Overview
We are seeking a Senior Platform Engineer with expertise in Kubernetes and infrastructure as code to enhance our internal Agentic AI platform in a hybrid work environment. The successful candidate will be responsible for building and maintaining platform capabilities while ensuring operational health and security compliance. This role requires collaboration with cross-functional teams to implement automated workflows and manage the overall infrastructure.
Responsibilities
- Build and implement new platform capabilities based on architectural designs.
- Maintain operational health of the platform, including monitoring and incident response.
- Design and enforce security policies across the platform.
- Establish and monitor the platform observability stack to ensure system reliability.
- Implement GitOps delivery automation for version-controlled changes.
- Manage secrets rotation, certificate lifecycle, and identity configuration.
- Ensure the health of platform data services, such as backup schedules and failover testing.
- Participate in high-stakes operational procedures to ensure secure system functioning.
Requirements
- Deep experience with Kubernetes cluster operations, ideally with RKE2, EKS, or GKE.
- Proficiency in Helm, RBAC design, and managing multi-namespace workloads.
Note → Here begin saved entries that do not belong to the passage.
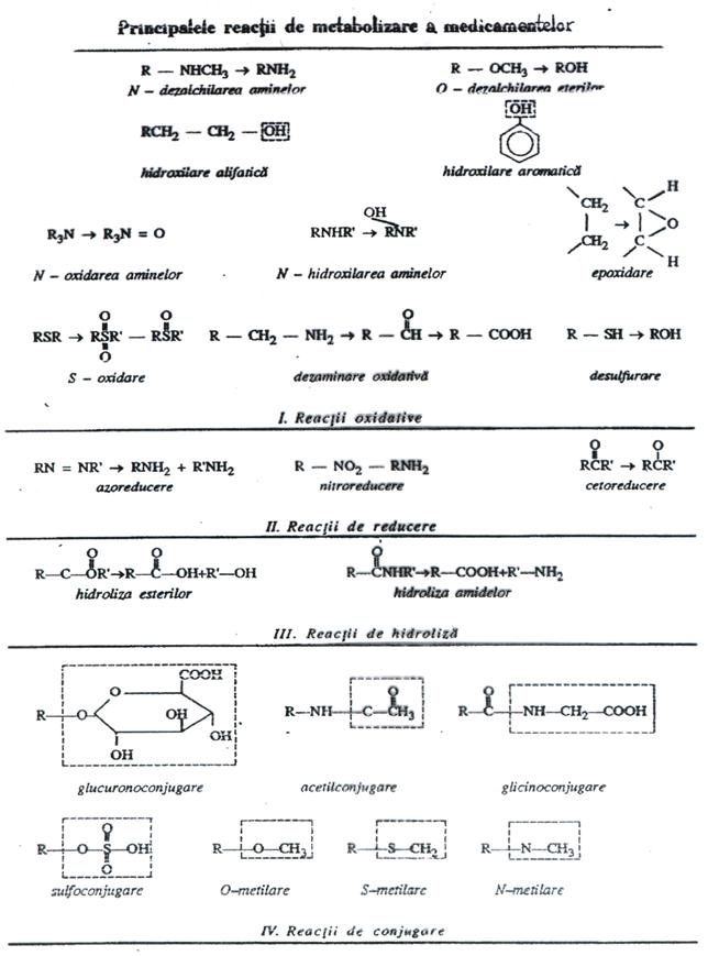 1.3. T r a n s f o r m a r e a b i o c h i m i c a a m e d i c a m e n t e l o r. Multe medicamente se metabolizeaza, adica sufera in organism transformari chimice, care le modifica proprietatile fizico-chimice si biologice. Sunt metabolizati mai ales compusii liposolubili. Metabolitii rezultati rezultati sunt mai polari si au in consecinta o solubilitate mai scazuta in grasimi. Reactiile chimice prin care are loc metabolizarea medicamentelor sunt catalizate enzimatic si sunt de mai multe tipuri: oxidari, reduceri, hidrolize si conjugari (cuplari),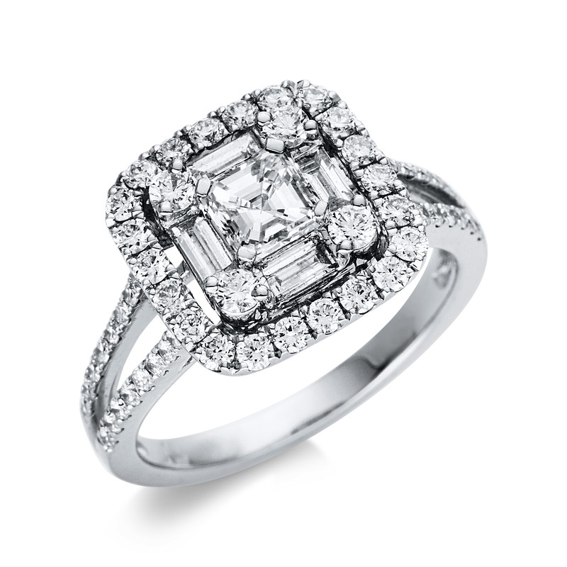 ring 18 kt WG, 4 tapers 0,31 ct, G-vsi, 1 assher cut 0,59 ct, G-vsi, 58 diamonds 0,78 ct, G-vsi, width:53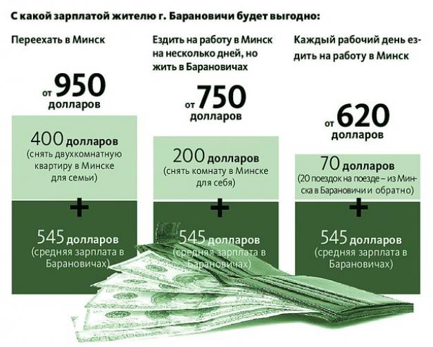Житель г. Барановичи Александр Фролов на личном опыте убедился в том, что заработать в Минске можно больше, чем в Барановичах. Мужчина устроился работать водителем в одну из столичных фирм в среднем за 700 долларов в месяц на автомобиле работодателя, несколько раз в месяц ездит в Минск на склад, а остальное время работает по Барановичам.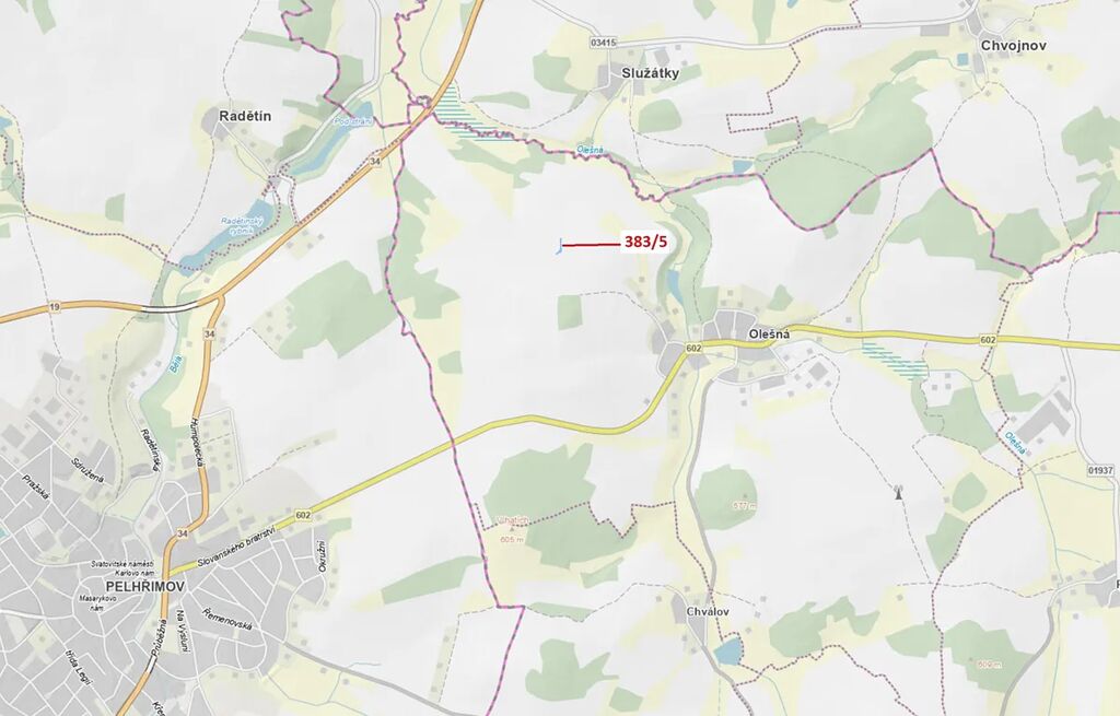 Orná půda o výměře 386 m2, parcelní číslo 383/5, podíl 1/1, katastrální území Olešná u Pelhřimova, obec Olešná, obec s rozšířenou působností Pelhřimov, okres Pelhřimov, Kraj Vysočina.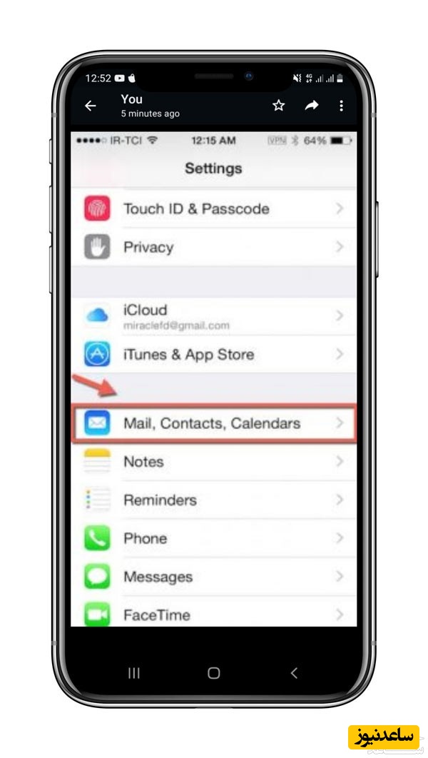 ورود به حساب کاربری خود در قسمت settings گوشی آیفون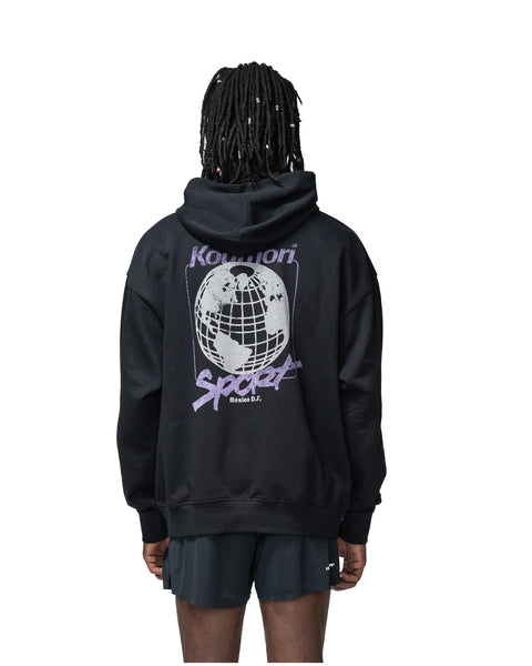 • This black hoodie features a minimal Koumori graphic on the front and a large Koumori Sport globe graphic on the back in lilac and grey tones. Made from cotton with a regular fit, it includes a pocket in the front and adjustable hood for added functionality.
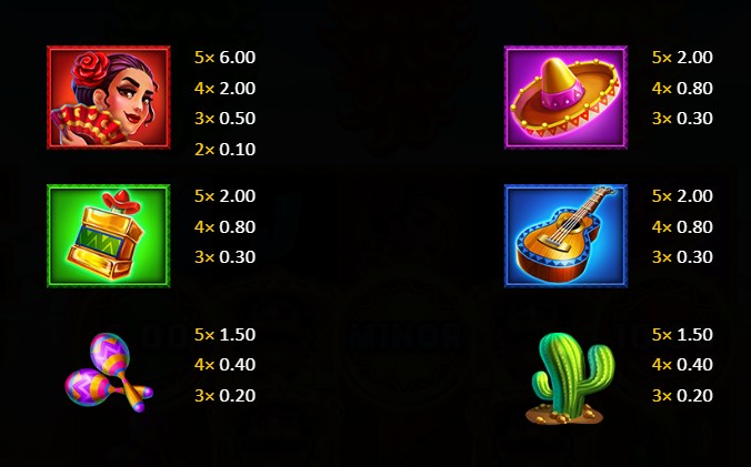The standout symbol is a traditionally dressed Mexican woman, which pays from just two matching symbols, setting it apart from the rest.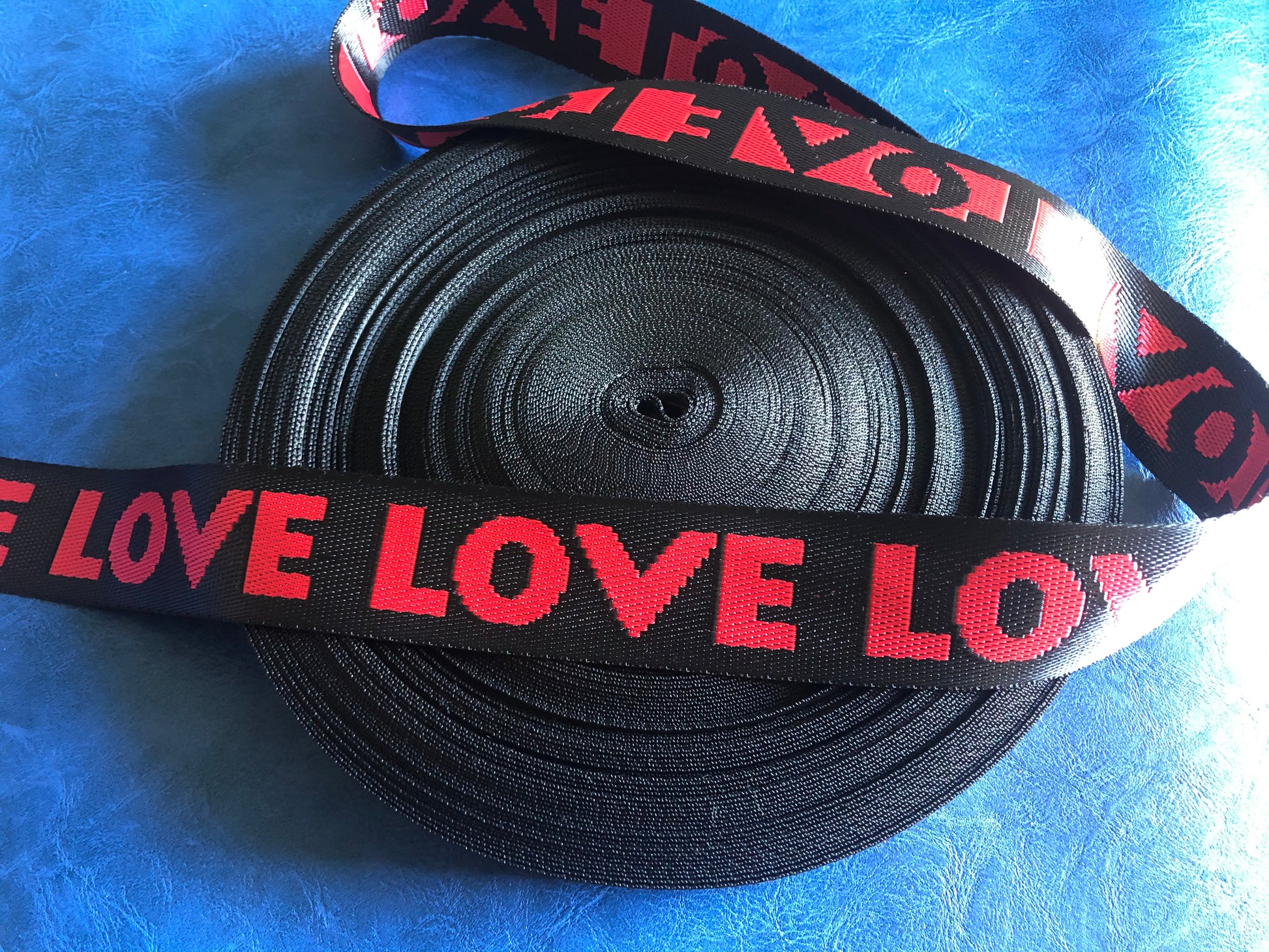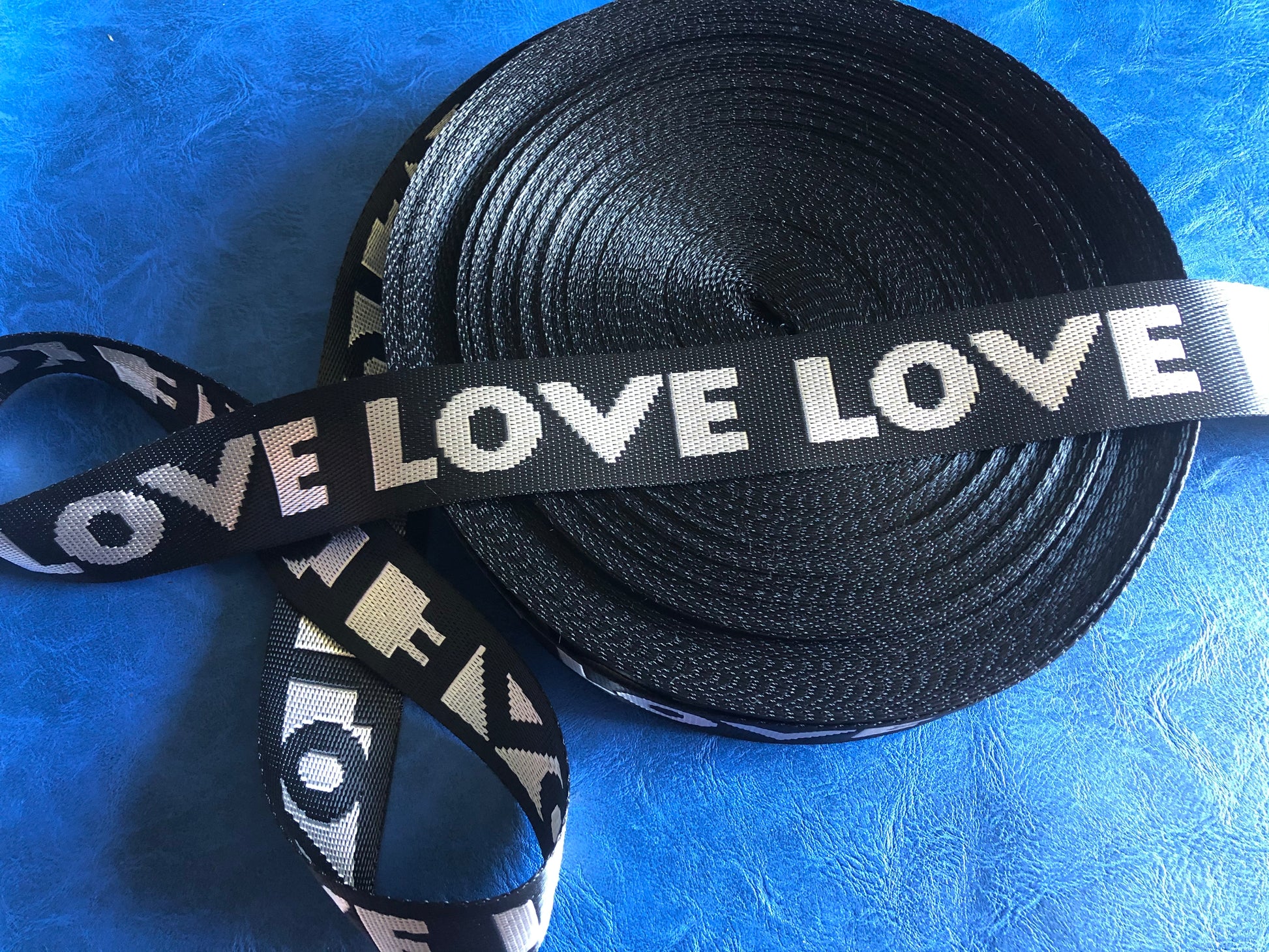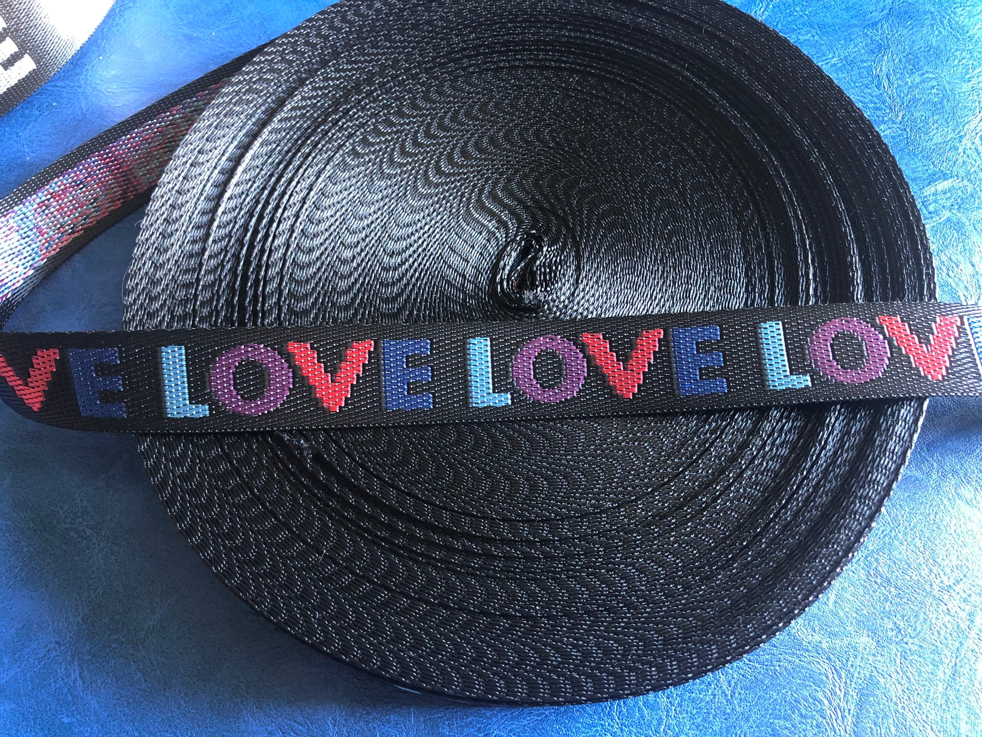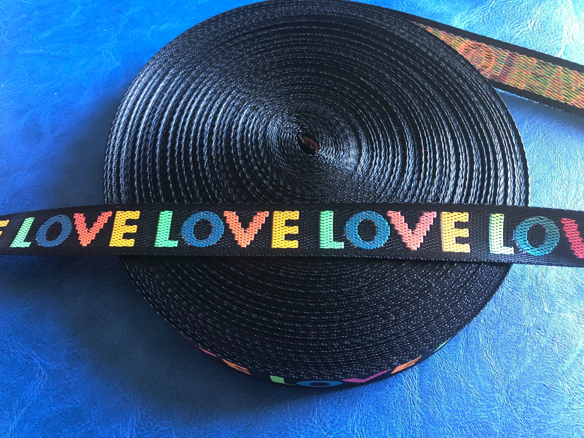 3m of Rainbow webbing, LOVE pattern webbing - 2.5 & 3.8cm DWS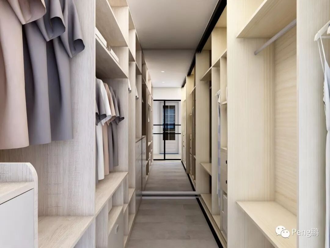 追求生活品质衣帽间是不可缺少的,衣帽间我单独分了个空间,让用户有足够的空间来放置自己喜欢的衣物,鞋子,帽子等等

- Experience deploying and managing secrets at scale using platforms like HashiCorp Vault.
- Familiarity with policy-as-code tools such as OPA/Rego or Kyverno for admission control.
- Experience with GitOps tools like Fleet, ArgoCD, or Flux in production environments.
- Knowledge of Linux platform engineering principles including TLS, PKI, and networking fundamentals.
- Experience with API gateway technologies, such as Kong or Envoy, for deployment and operations.